Two-Minute Drill technically refers to a quick bout of sexual intercourse that only lasts two minutes and is extremely fast and vigorous, usually performed because there is a time limit or the couple is in a public space where sex would be considered taboo. Now, even though most women would consider a two-minute drill a ‘quickie,’ most men would just call it sex. Really, for the man, the best parts of sexual intercourse, whether it lasts two hours or 5 minutes, is always the last 60-120 seconds where the man thrusts as fast as he can and blows his load. Everything else beforehand and afterward is strictly done for the benefit of the woman.
So remember this ladies because we’re actually doing a lot for you if you think about it. You know that romantic, 1 hour massage with candles, oil, and meditative music in the background? That was all done so we can thrust as fast as we can for a minute or two at the end, and then collapse on top of your oily body. The two hours of making out, kissing down your neck, and gently rubbing our fingers below your navel? All just so we could give a quick thrust, and pull out and cum on your tits. So, next time you’re about to call us selfish because we didn’t last long enough, or because we fell asleep 5 seconds after climax and didn’t want to cuddle and chat, just remember the reason why we’re so tired. It’s all that lead up and foreplay that we’re doing solely for your benefit that makes us so exhausted.

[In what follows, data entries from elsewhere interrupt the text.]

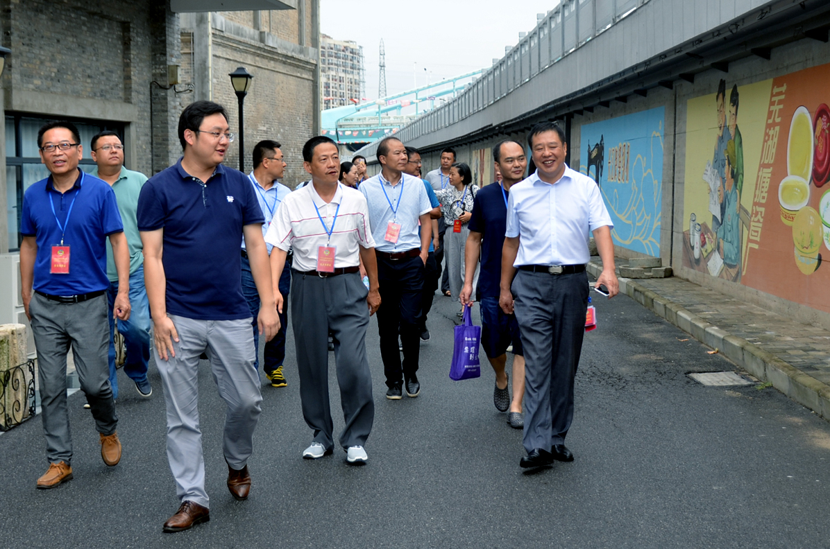 卞總向調(diào)研團(tuán)匯報了園區(qū)的歷史傳承、改造歷程及目前的基本發(fā)展情況。帶領(lǐng)參觀了益新面粉大樓及大礱坊歷史文化長廊,作為蕪湖工業(yè)象征的“兩個半煙囪”的僅存見證,百年益新面粉大樓在經(jīng)過修整后也再次踏上新的征程。而在今年8月正式竣工的大礱坊歷史文化長廊,利用墻繪的方式,生動的記錄了礱的誕生以及大礱坊的工業(yè)歷史變遷,長達(dá)450米的手工墻繪,目前已成為蕪湖的一張文化名片。
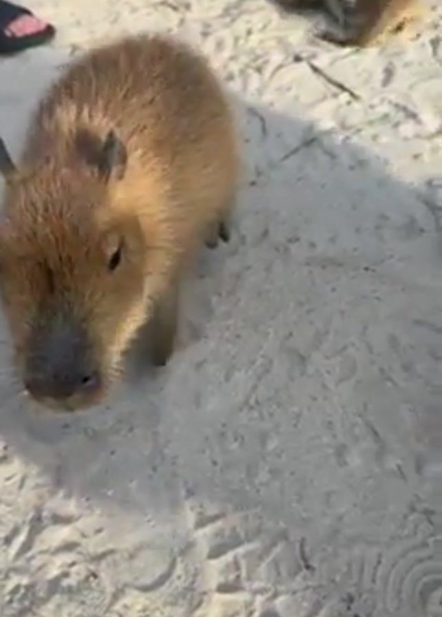 baby capybara standing on a light-colored sandy surface. Part of a person's foot in a black sandal is visible in the upper left corner. A meerkat is visible in the background. The video then shows two capybaras close together on the sand. Someone presents them with a bunch of greenery and orange slices and the capybaras begin eating it.
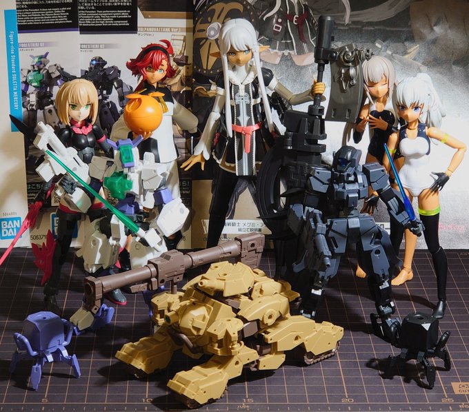 #今月作ったプラモ晒そうぜ 6月の分。 ゴッズオーダーのメグミさん。 サンマルのMSはティアーシャ、ボディパーツS04とS02、腕&脚パーツの黒色。 MMはヴォルパノヴァ(タンクVer.)、フォレスティエリ01と02。 フィギュアライズSのスレッタ。

Two-minute drills are not only great for men, but they are also extremely useful fuck scenarios for both sexes. Get horny at the office every Monday, Wednesday, and Friday afternoon, so do most men! Why not meet in the bathroom at afternoon coffee break for a two-minute fuck fest, then use the last 8 minutes of break to grab a smoke? Stuck in traffic on the freeway again and getting a little horny? Well, so is the guy next to you, and neither of you have moved an inch in almost ten minutes. You could get laid twice before the person behind you blares his horn.
But, of course, the most ideal time for a two-minute drill is a wedding or birthday party. The kind of night where everyone gets hammered, and the entire crowd is focused on either the bride and groom, or the birthday boy or girl. It makes it incredibly easy and convenient to sneak away unnoticed with another party goer, have a quick fuck in the bathroom, and still be back at your table in time to make a toast or sing Happy Birthday. So ladies, next time you’re about to complain about Stamina, just remember the two-minute drill. They’re a lot like CAA. You don’t always get what you wanted, but they sure are convenient to have.
1. I tried to have a two-minute drill at a birthday party once with this girl I had a crush on, but I didn’t know what to do with the last 90 seconds. It was a little awkward, to be honest.
2. I once had a two-minute drill while I was pulled over by the cops, and the police woman was back at her car checking my license. You know they always take at least 10 minutes just to tell you ‘everything is clear.’ Lucky for me, my girlfriend at the time was a total Nymphomaniac.